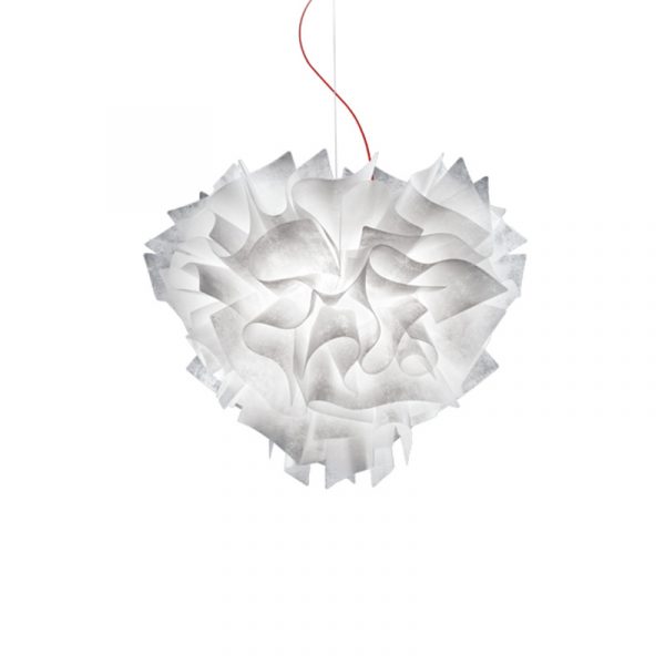 Slamp Veli Couture Large lampada a sospensione nella nuova finitura couture con cavo rosso, perfetta in qualsiasi ambiente domestico. A richiesta cavo trasparente.
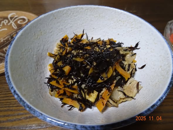| ・ヒジキ煮 豚肉 人参 油揚げ |
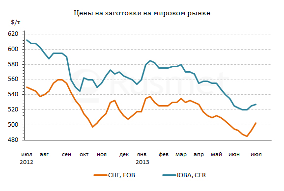 По мнению аналитиков, в июле цены на заготовки в странах Восточной Азии будут относительно стабильными. Поставщики будут, по возможности, стараться повысить котировки, но пока в регионе продолжается сезон дождей, они вряд ли добьются чего-то существенного.
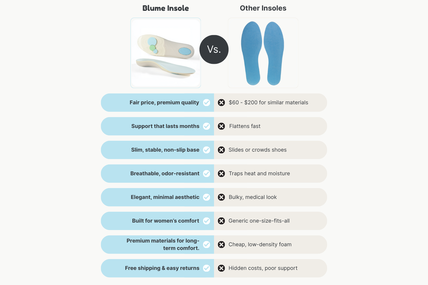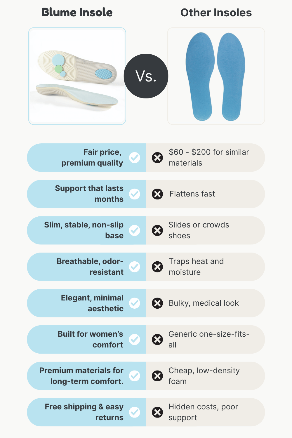 Blume is different. Each contour follows the shape of women’s feet, a narrower heel for alignment, a sculpted arch for balance, and even pressure that keeps every step stable.
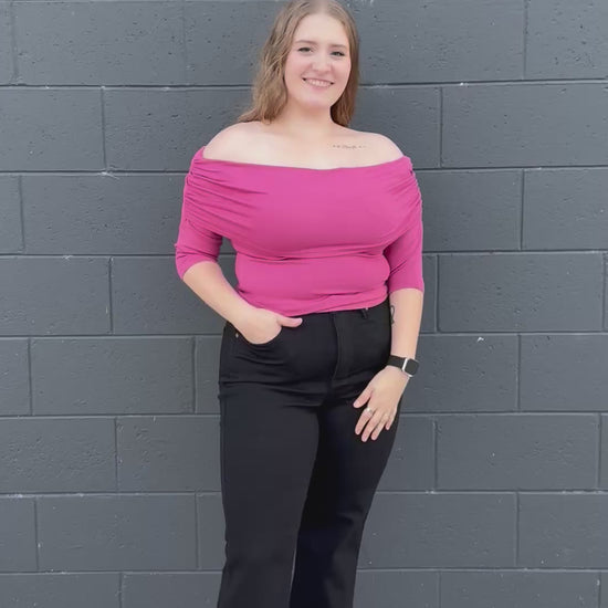 Turn heads and stay cozy in this Off The Shoulder Ruched Top. Its playful ruched design and sexy neckline bring flirty vibes, while the soft fabric keeps you warm and comfy all day. Perfect for adding a cute, confident touch to any outfit.
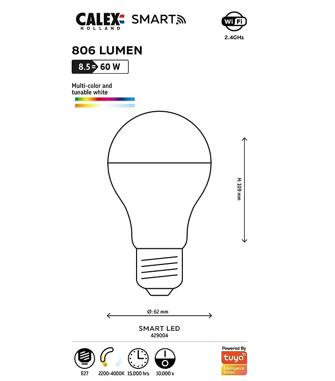 Calex Smart RGB+CCT E27 LED Lamp Dimbaar 8.5Watt
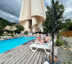 замечательные хозяева, встретили очень гостеприимно, номера очень комфортные,суперские , территория просторная, ухоженная ,бассейн всегда очищенный ,газон покошен, кондиционеры отличные как в холодную погоду так и в жаркую ,в номерах имеются фен,полотенца,одноразовые шампуни ,гели и тд,очень понравилась баня с чаном влажность очень хорошая ,в чан добавили цветочки.В общем будем сюда возвращаться вновь и вновь
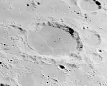 The interior of this crater has become flooded by basaltic lava, producing a nearly level, featureless surface with a low albedo. A number of tiny craterlets mark this surface, particularly in the northwest. The surrounding mountain ring has been eroded by impacts, and is somewhat distorted from a true circular shape. There is a wide bulge in the rim toward the southeast, where the surface is lower and more rugged. Slight bulges also exist to the southwest and northwest. The rim is marked by a number of tiny impacts along the edge, particularly to the southwest.
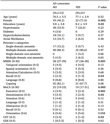 表1. MCI患者的临床、人口学、功能和认知特征
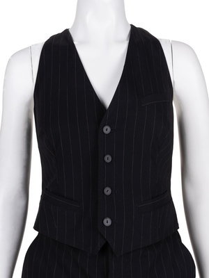 Black with tan wool blend pinstripe romper with attached vest style top and straight fit skirt with front button and zipper closure.
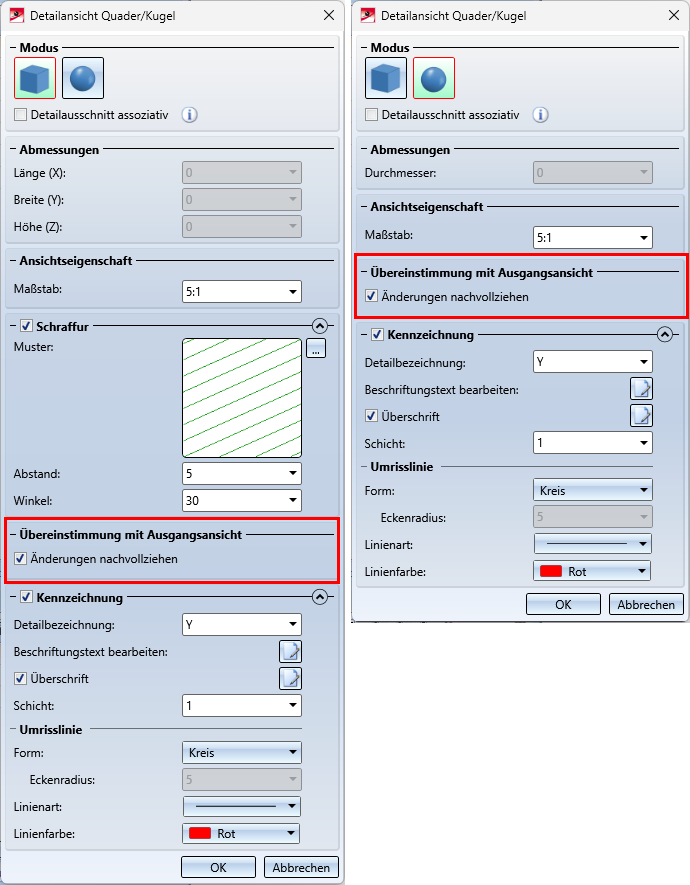 Ab HiCAD 2023 lässt sich beim Erzeugen von Detailansichten festlegen, ob die Detailansicht zur Ausgangsansicht assoziativ sein soll oder nicht. Dazu sind die Dialogfenster Neue Detailansicht und Detailansicht bearbeiten entsprechend erweitert worden.
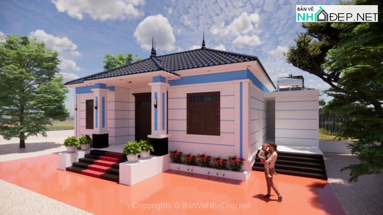 Công năng: P.Khách, Bếp + ăn, 3 ngủ, khu wc + tắm ngoài không chung nhà.
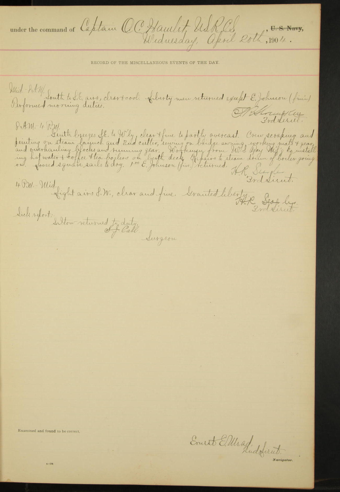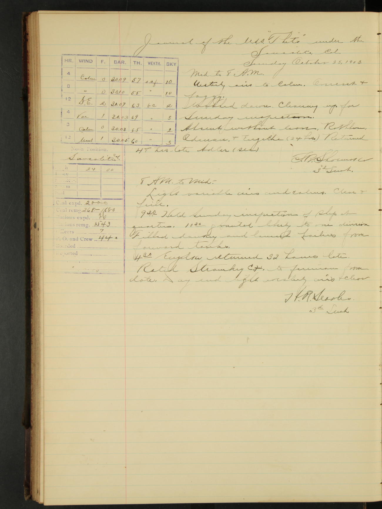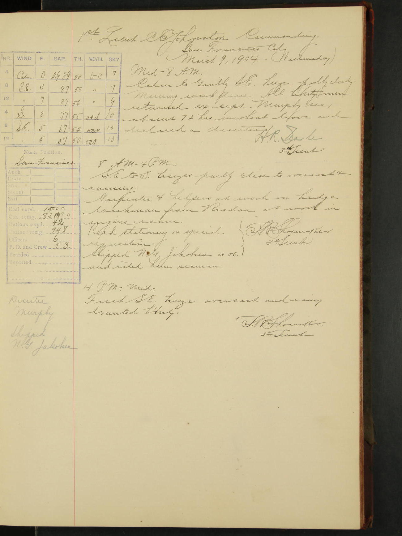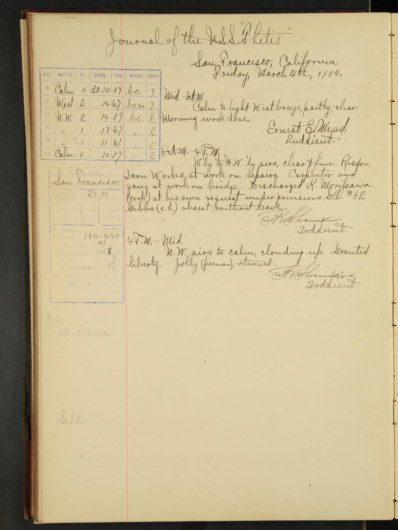 5145bd80a2fc8ee892004f5d: (http://oldweather.s3.amazonaws.com/ow3/final/USS Thetis/vol601/vol601_076_0.jpg)

····················

EXERCISE AIM.
Return verbatim every line from the line containing "Ab HiCAD 2023" to the last line of the entries above, inclusive, and leave out the pictures.

WRITTEN RESPONSE.
 Ab HiCAD 2023 lässt sich beim Erzeugen von Detailansichten festlegen, ob die Detailansicht zur Ausgangsansicht assoziativ sein soll oder nicht. Dazu sind die Dialogfenster Neue Detailansicht und Detailansicht bearbeiten entsprechend erweitert worden.
 Công năng: P.Khách, Bếp + ăn, 3 ngủ, khu wc + tắm ngoài không chung nhà.
 5145bd80a2fc8ee892004f5d: (http://oldweather.s3.amazonaws.com/ow3/final/USS Thetis/vol601/vol601_076_0.jpg)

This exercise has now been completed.